Does your company use tracking or session replay software to understand how users interact with your website? If so, you may be the next target of a new wave of class actions sweeping across Florida and California. The lawsuits allege that companies using session replay and other tracking software on their websites are violating state wiretap laws, entitling the plaintiffs to liquidated damages and attorney’s fees. This alert discusses the technology, the lawsuits and steps companies can take to proactively minimize these litigation risks.
Many companies use third-party analytical applications to understand how customers interact with their websites. One example is session replay software, which collects small pieces of log data, page scrolling and cursor behavior on the website. The business can then assess this information to improve the effectiveness of its online presence. The use of this software is increasing as digital marketing becomes more sophisticated.

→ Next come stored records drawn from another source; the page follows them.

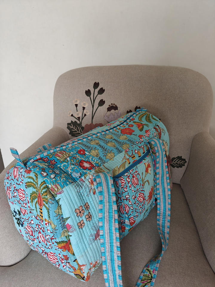Light Blue Handcrafted Eco-friendly Luxury Sport Floral Quilted Duffle Tote Bag Vibrant Patchwork Boho Travel Vintage Charm
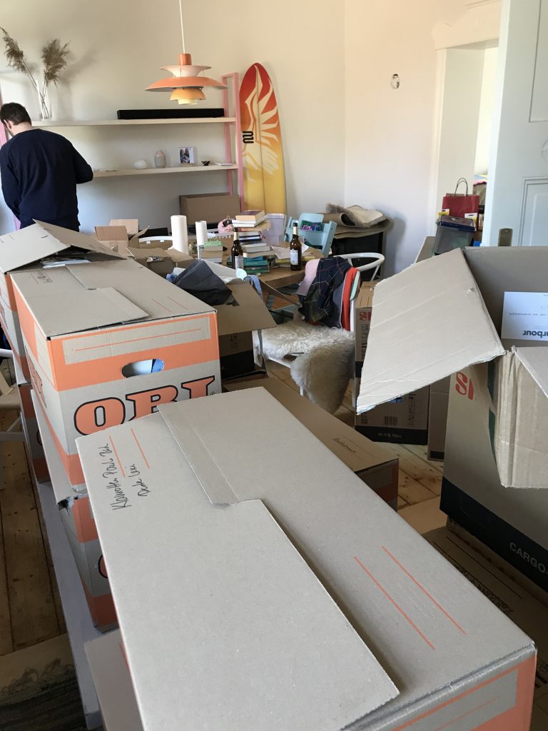 Wenn man also ein professionelles Umzugsunternehmen bucht kann man oft 14 Tage vorher kostenlos (!) Kartons bestellen, die nach Hause geliefert werden. Die Dinger aus dem Baumarkt oder der Metro sind teuer und halten nicht lange, wenn man sie mit schweren Büchern oder Geschirr befüllt. In diesem Zusammenhang möchte ich euch außerdem raten: Akzeptiert das Chaos vor, während und nach eines Umzuges. Wenn das gesamte Eigentum in Kartons lagert, zwischendrin das Baby auf der Klobürste kaut und keiner weiß, in welcher Kiste die Bettwäsche ist, dann muss man selbst als zwangsgestörte Mutti mit Putzfimmel (ich meine mich!) loslassen.
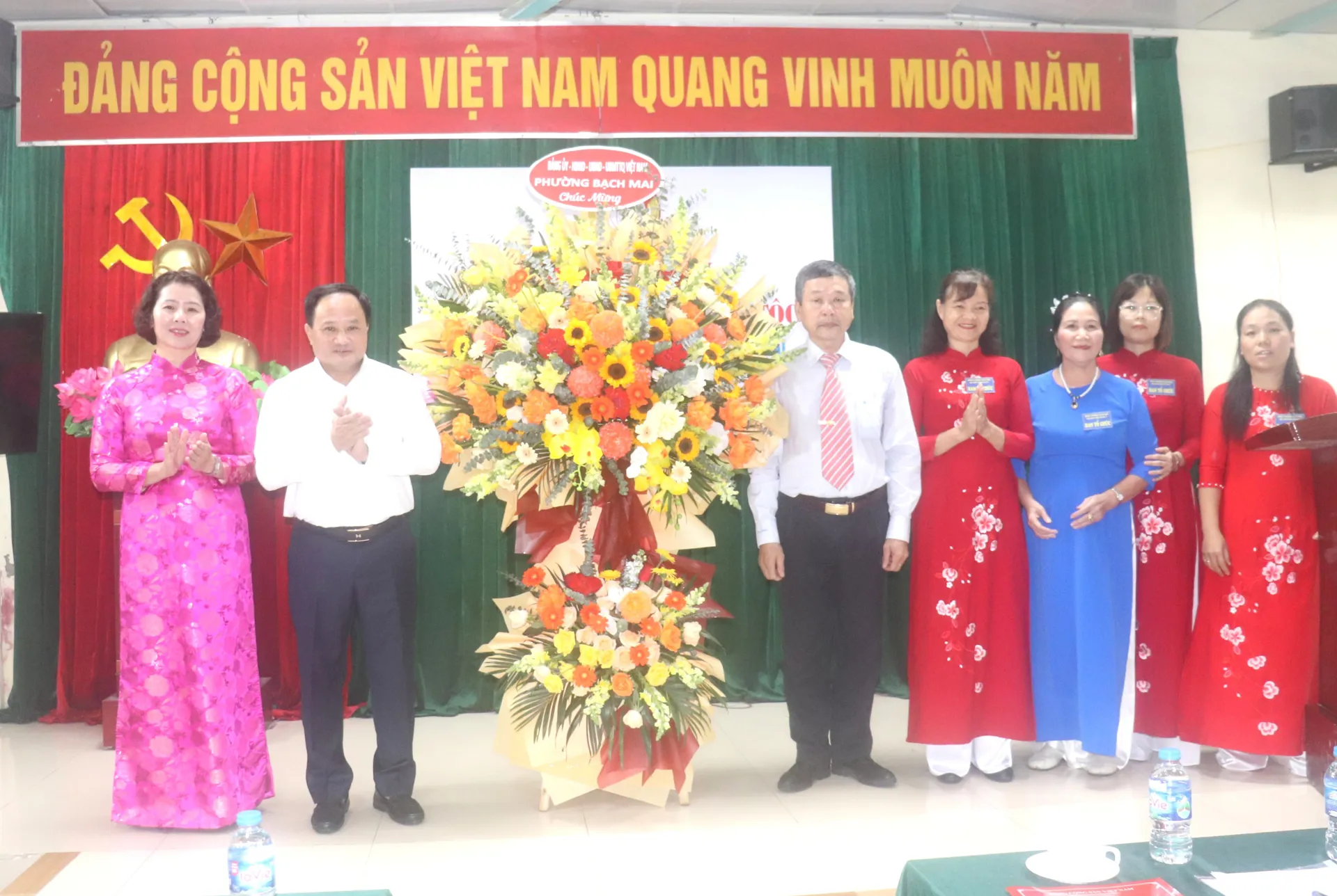 Bí thư Đảng ủy, Chủ tịch HĐND phường Bạch Mai Trần Quyết Thắng và Chủ tịch Ủy ban MTTQ Việt Nam phường Bạch Mai Tạ Thị Thanh Huyền tặng hoa của Đảng ủy, HĐND, UBND, UB MTTQ Việt Nam phường chúc mừng cán bộ, Nhân dân Địa bàn dân cư số 7
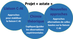L’astate 211 est un des candidats prometteurs pour des futurs traitements en thérapie alpha ciblée (TAC). Une double approche expérimentale /théorique a été développée en collaboration avec le laboratoire CEISAM afin d’explorer la chimie de cet élément méconnu. Son diagramme de Pourbaix a été revisité et la réactivité des espèces At(-I), At(I) et At(III) étudiée. C’est un curieux élément puisqu’il présente des propriétés propres aux halogènes, alors que son comportement dans certains milieux le rapproche des métaux. Les outils / méthodologies / compétences développées sont utilisées pour envisager des approches de radiomarquage innovantes en collaboration avec le CRCINA.
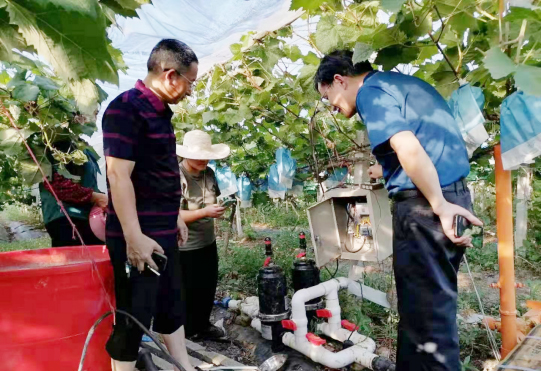 7月24日下午,小分队赴娄底市经济开发区大埠桥办事处宋家村娄底市旺春蔬菜专业合作社,解决了该基地喷灌设施过滤器及喷头堵塞的问题,喷灌设备恢复正常使用,及时缓解了大棚蔬菜遭受的严重干旱;同时指出了喷灌系统的日常维护要注意的问题;随后,小分队奔赴娄底市经济开发区中阳村五良生态农业有限公司指导“葡萄-蔬菜”立体种植滴灌设施的应用。
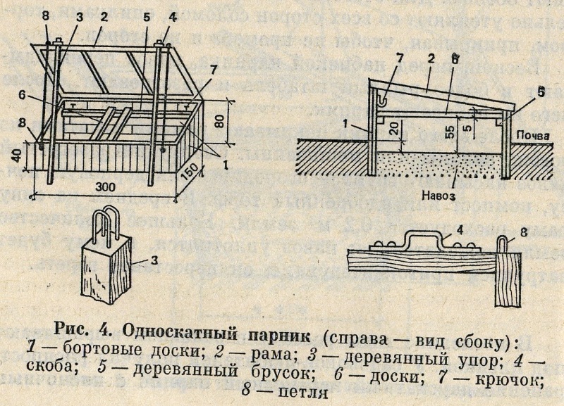 В течение ряда лет садовод А. Коломейцев из Челябинска выращивает огурцы, низкорослые томаты, перец, баклажаны в односкатном парнике шириной 1,5 м, длиной 3 м (рис. 4). Для лучшей освещенности располагает его по длине с запада на восток. Строить парник начинает с рытья котлована глубиной 0,5—0,6 м. В каждом его углу и посередине длинных сторон вкапывает столбы, к которым прикрепляет борта. Чтобы лучше сохранить тепло, он делает их двойными: внутренние доски располагает горизонтально, внешние — вертикально.
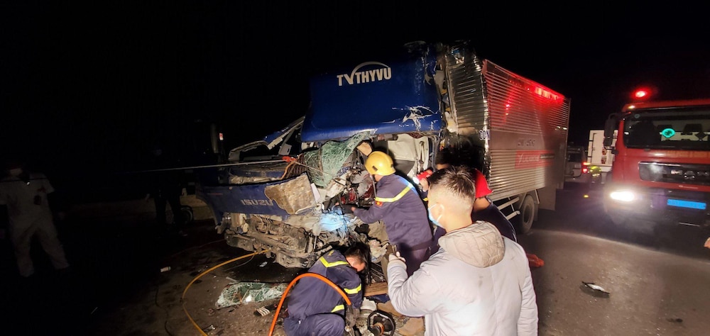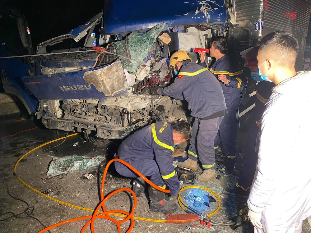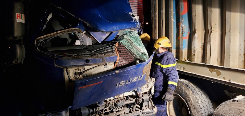 Tại hiện trường, nạn nhân là tài xế mắc kẹt trong cabin xe tải va chạm với xe container mang biển kiểm soát 29R2210. Cú va chạm mạnh khiến đầu xe tải bị biến dạng mạnh, tài xế bị thương, mắc kẹt không thể thoát ra ngoài.

Recently, dozens of lawsuits were filed in Florida and California alleging that companies using session replay software are in violation of state wiretap laws, such as the Florida Security in Communications Act (FSCA) and the California Invasion of Privacy Act (CIPA). These laws prohibit the intentional interception of communications and create private rights of action. The penalties for violation of these laws can be stiff. The FSCA, for example, allows for injunctive relief, actual damages, liquidated damages of at least $100 a day for each day of a violation or $1,000 (whichever is higher), punitive damages and attorney’s fees. CIPA permits, among other things, $5,000 in statutory damages per violation or three times the amount of actual damages, whichever is greater.
The state wiretap laws were never intended to apply to this scenario and there are strong defenses to these lawsuits. Such defenses include:
- implied/express consent based on notice of the technology and continued use of the site;
- exceptions in the FSCA for business communications;
- a lack of interception of communication content; and
- for California cases, the inability of a party to eavesdrop on its own conversation.
Proactively Minimizing the Risks
Fortunately, companies can take steps to proactively strengthen their defenses and mitigate or transfer the litigation risks. First, your company must perform due diligence to understand how your session replay and other website tracking solutions operate. What information do they collect (and not collect)? How is the information used/shared/stored? What rights do you have against your vendors if your company is targeted with one of these lawsuits?
It is also good practice to explore risk transfer options, like revisiting your agreement with session replay and tracking solution vendors to strengthen your indemnification rights (where possible) or obtaining insurance that would cover claims relating to your website technology.
Companies should engage experienced counsel knowledgeable in session replay/tracking technology and state privacy laws to help proactively minimize risks of a wiretap lawsuit. At a minimum, in-house counsel should ask questions to understand how their company’s website uses session replay and other tracking solutions. Effective notice and consent mechanisms should then be implemented to accurately disclose and obtain consent for the use of session replay and tracking technology. Lastly, companies should evaluate risk transfer opportunities like third-party indemnification or acquiring insurance that would provide coverage for third-party losses associated with this new wave of lawsuits.